In summary, by means of first-principle calculations, the theoretical increase in OER activity on MN₄-C, MO₄-C, and MC₄-C (M = Ir, Ru) was IrN₄-C > IrO₄-C > RuO₄-C > RuN₄-C > IrC₄-C > RuC₄-C in the alkaline media.
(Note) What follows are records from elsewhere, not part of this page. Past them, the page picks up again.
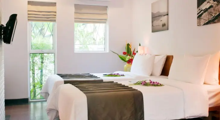 “Attractively renovated French colonial villa with a range of well-equipped rooms: choose between the slightly austere Garden Courtyard Rooms and the fancier Colonial Heritage Suites.”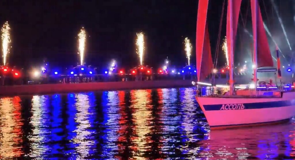 Ежегодный праздник выпускников «Алые паруса» прошел в Мариуполе в субботу. Жители города встречают в бухте яхту «Ассоль», а также смотрят концерт на набережной. «В этом году у нас 827 выпускников 11 классов, из них 520 выпускников уехали в Санкт-Петербург и сегодня, вот сейчас в это время, они празднуют «Алые паруса» в Санкт-Петербурге на берегах Невы. А оставшиеся выпускники сегодня здесь, на этой замечательной набережной, у нас здесь в городе. Поэтому хорошая погода, хорошее настроение, все празднуют», — сообщил врио главы Мариуполя Антон Кольцов. Мероприятие организовано под эгидой Северной столицы. Города подписали договор об установлении побратимских связей 1 июня 2022 года. Праздник выпускников «Алые паруса» ежегодно проводится в Санкт-Петербурге. Впервые культурное событие прошло в июне 1968 года. Впоследствии традиция прервалась на 25 лет, но была возобновлена в 2005 году.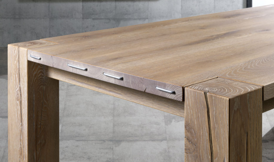 Tavolo massiccio con secche, sgorbiature e ferri di testa, ï¬sso. Nodi e crepe a vista non stuccati. Gamba quadrotto a vista 13,5x13,5 cm, H 77 cm. Disponibile in quercia con gamba a quadrotto. Olmo e noce canaletto solo con gamba lamellare.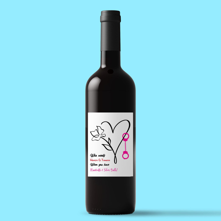 Transform their favourite bottle of the good stuff by adding you own rude label printed with "Who Needs Hearts And Flowers When You Have Handcuffs and Silver Balls" to make a truly unique gift. Bottles with rude labels make an excellent centrepiece for any special occasion!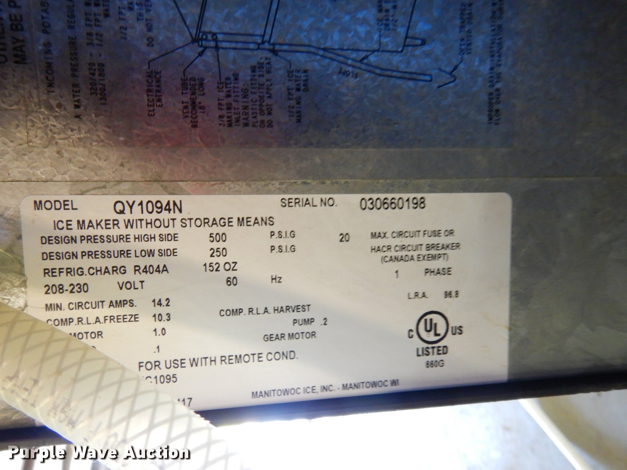 Purple Wave is selling a used Appliances in Kansas. This item is a Manitowoc S970 ice machine with the following: Last used six months ago, Serial 030622377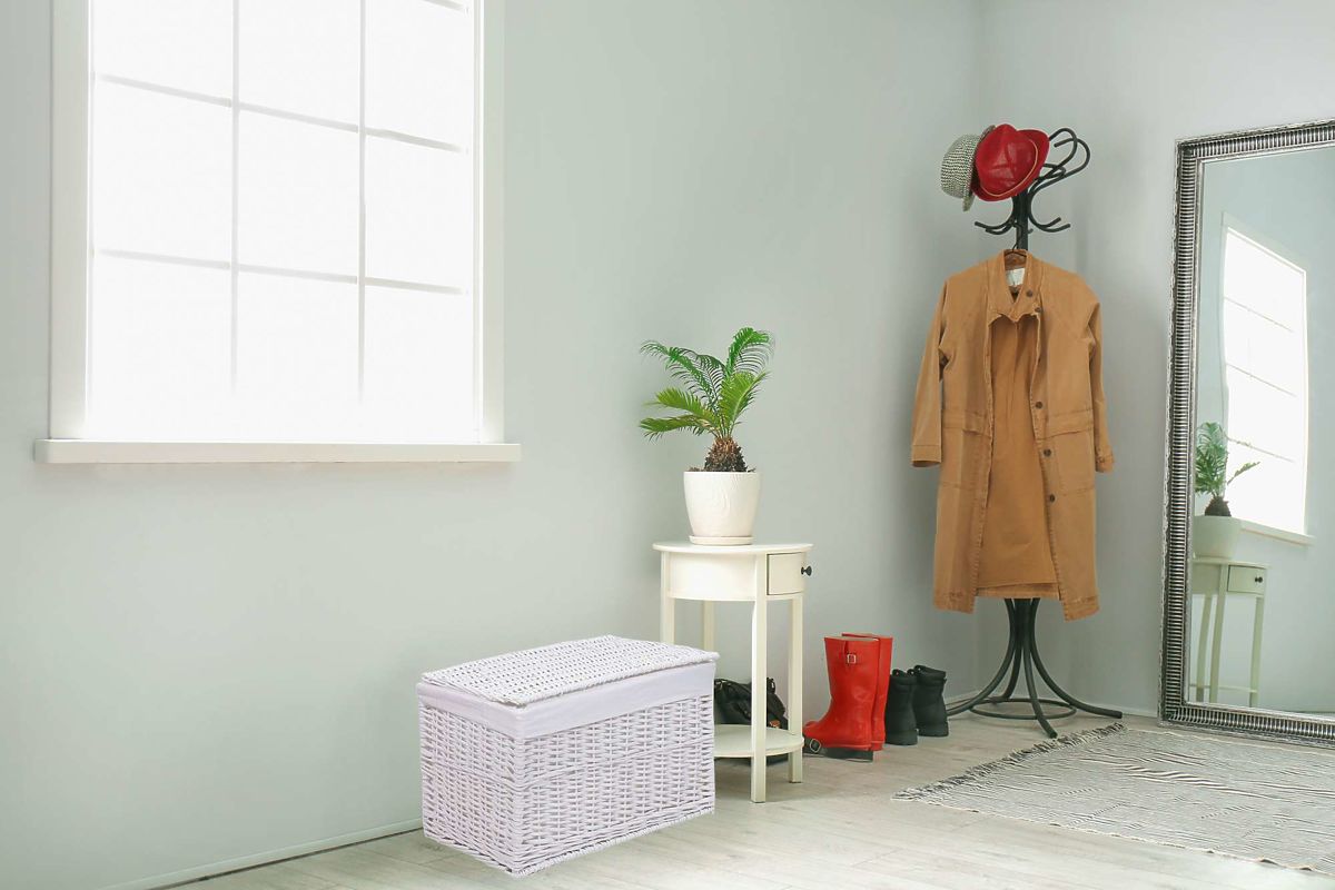 Proutěná truhla se ideálně hodí do koupelny a dalších místností, jako jsou ložnice, obývací pokoje a pokoje. Je velmi pěkným doplňkem, který dodává dekorovaným místnostem charakter. Produkt je esteticky vyroben z proutí a uvnitř je dokončen lněnou výstelkou. Víko má pružné pásky sloužící jako panty.

In particular, IrN₄-C exhibits outstanding OER performance with a low overpotential of 0.30 V. Our calculations indicate that the weak binding of O* to IrO₄-C results in poor catalyst activity, and the strong binding of O* is responsible for the lower OER activity observed in IrC₄-C, RuN₄-C, RuO₄-C, and RuC₄-C. Furthermore, the analysis of COHP and PDOS highlights the enhancement of electrocatalytic activity with the tuning of the coordination shells of M atoms, which effectively adjusts the electronic structure of M atoms to balance the binding strength of O*. Our study challenges traditional thinking and inspires more theoretical and experimental investigations into exploring the catalytic properties of SACs by considering different coordination environments with other metals.